--- Requirement ---
Once you find the line below that has "內容介紹:正大集團農牧企業中國區 飼料生產效率工作小組 完整的飼料生產管理體系文件", output it and every line after it exactly, stopping after the line that has "is inspired by", with no pictures.

(Records shown begins)

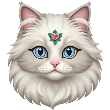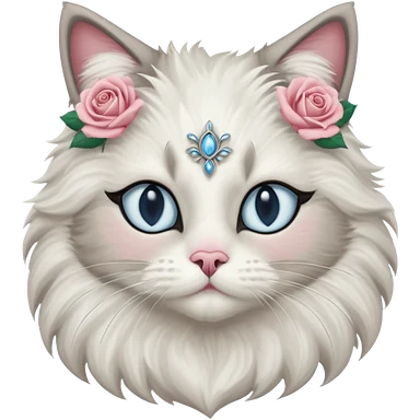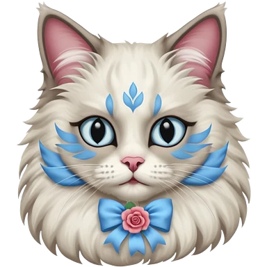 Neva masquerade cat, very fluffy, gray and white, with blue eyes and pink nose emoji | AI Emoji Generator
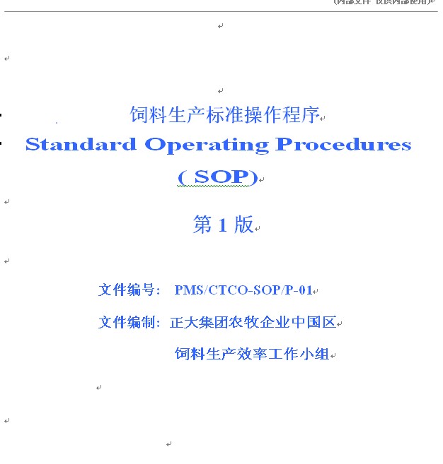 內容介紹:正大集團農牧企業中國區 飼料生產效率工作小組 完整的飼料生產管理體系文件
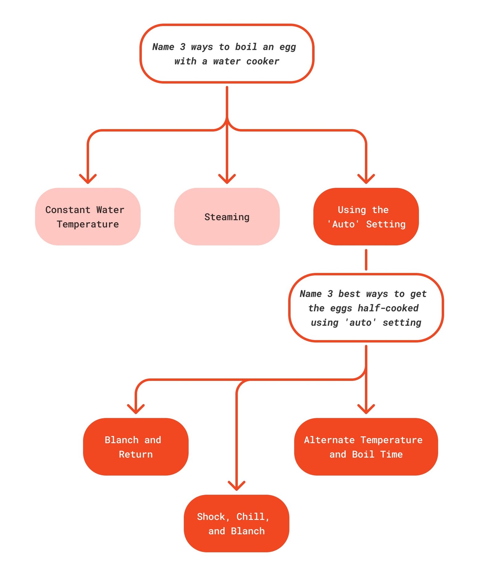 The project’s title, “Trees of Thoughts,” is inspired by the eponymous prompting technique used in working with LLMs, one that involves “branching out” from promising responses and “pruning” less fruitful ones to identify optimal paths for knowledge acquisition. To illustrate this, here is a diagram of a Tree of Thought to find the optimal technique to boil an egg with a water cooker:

(Records shown ends)
(Records shown begins)

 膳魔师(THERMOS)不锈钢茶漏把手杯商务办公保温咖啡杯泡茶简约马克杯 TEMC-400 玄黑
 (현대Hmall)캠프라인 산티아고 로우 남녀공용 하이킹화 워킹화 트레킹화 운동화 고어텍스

(Records shown ends)
(Records shown begins)

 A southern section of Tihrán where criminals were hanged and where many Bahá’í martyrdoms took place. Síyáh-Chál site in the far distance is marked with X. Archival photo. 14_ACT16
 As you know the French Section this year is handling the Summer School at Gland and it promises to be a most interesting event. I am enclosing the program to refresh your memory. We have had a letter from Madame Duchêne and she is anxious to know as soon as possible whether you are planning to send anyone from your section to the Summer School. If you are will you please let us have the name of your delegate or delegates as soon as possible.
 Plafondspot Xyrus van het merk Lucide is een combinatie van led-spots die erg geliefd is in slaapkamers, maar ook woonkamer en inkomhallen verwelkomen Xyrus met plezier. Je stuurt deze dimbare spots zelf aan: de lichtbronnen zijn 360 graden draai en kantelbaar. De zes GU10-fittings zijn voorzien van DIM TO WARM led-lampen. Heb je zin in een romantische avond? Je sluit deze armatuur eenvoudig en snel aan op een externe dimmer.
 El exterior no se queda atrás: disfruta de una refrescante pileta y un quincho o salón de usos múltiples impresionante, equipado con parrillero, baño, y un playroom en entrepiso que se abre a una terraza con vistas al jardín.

(Records shown ends)

--- Response to the task ---
 內容介紹:正大集團農牧企業中國區 飼料生產效率工作小組 完整的飼料生產管理體系文件
 The project’s title, “Trees of Thoughts,” is inspired by the eponymous prompting technique used in working with LLMs, one that involves “branching out” from promising responses and “pruning” less fruitful ones to identify optimal paths for knowledge acquisition. To illustrate this, here is a diagram of a Tree of Thought to find the optimal technique to boil an egg with a water cooker:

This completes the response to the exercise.